Instability in pipe flow.

The long-puzzling, unphysical result that linear stability analyses lead to no transition in pipe flow, even at infinite Reynolds number, is ascribed to the use of stick boundary conditions, because they ignore the amplitude variations associated with the roughness of the wall. Once that length scale is introduced (here, crudely, through a corrugated pipe), linear stability analyses lead to stable vortex formation at low Reynolds number above a finite amplitude of the corrugation and unsteady flow at a higher Reynolds number, where indications are that the vortex dislodges. Remarkably, extrapolation to infinite Reynolds number of both of these transitions leads to a finite and nearly identical value of the amplitude, implying that below this amplitude, the vortex cannot form because the wall is too smooth and, hence, stick boundary results prevail.

Convective Instabilities in Two Liquid Layers.
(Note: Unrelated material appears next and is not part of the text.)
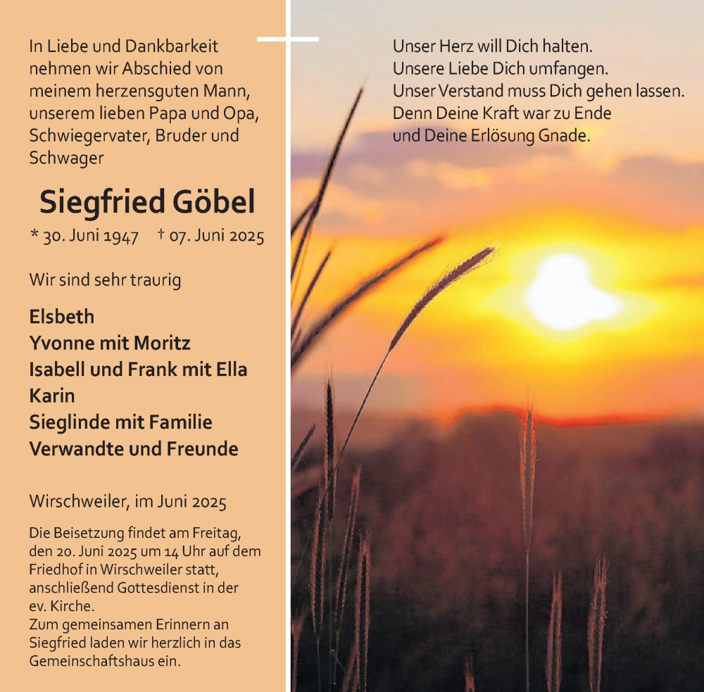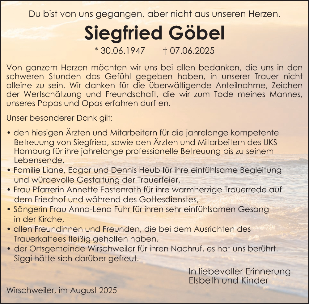 Hier finden Sie alle Traueranzeigen aus der Zeitung, die bisher für Siegfried Göbel erschienen sind. Weitere Traueranzeigen, die in der Zeitung erscheinen, werden hier ebenfalls aufgelistet

We perform linear stability calculations for horizontal fluid bilayers, taking into account both buoyancy effects and thermocapillary effects in the presence of a vertical temperature gradient. To help understand the mechanisms driving the instability, we have performed both long-wavelength and short-wavelength analyses. The mechanism for the large wavelength instability is complicated, and the detailed form of the expansion is found to depend on the Crispation and Bond numbers.

Flow Control Through the Use of Topography.

In this work, optimal shaft shapes for flow in the annular space between a rotating shaft with axially-periodic radius and a fixed coaxial outer circular cylinder, are investigated. Axisymmetric steady flows in this geometry are determined by solving the full Navier-Stokes equations in the actual domain. A measure of the flow field, a weighted convex combination of the volume averaged square of the L 2-norm of the velocity and vorticity vectors, is employed.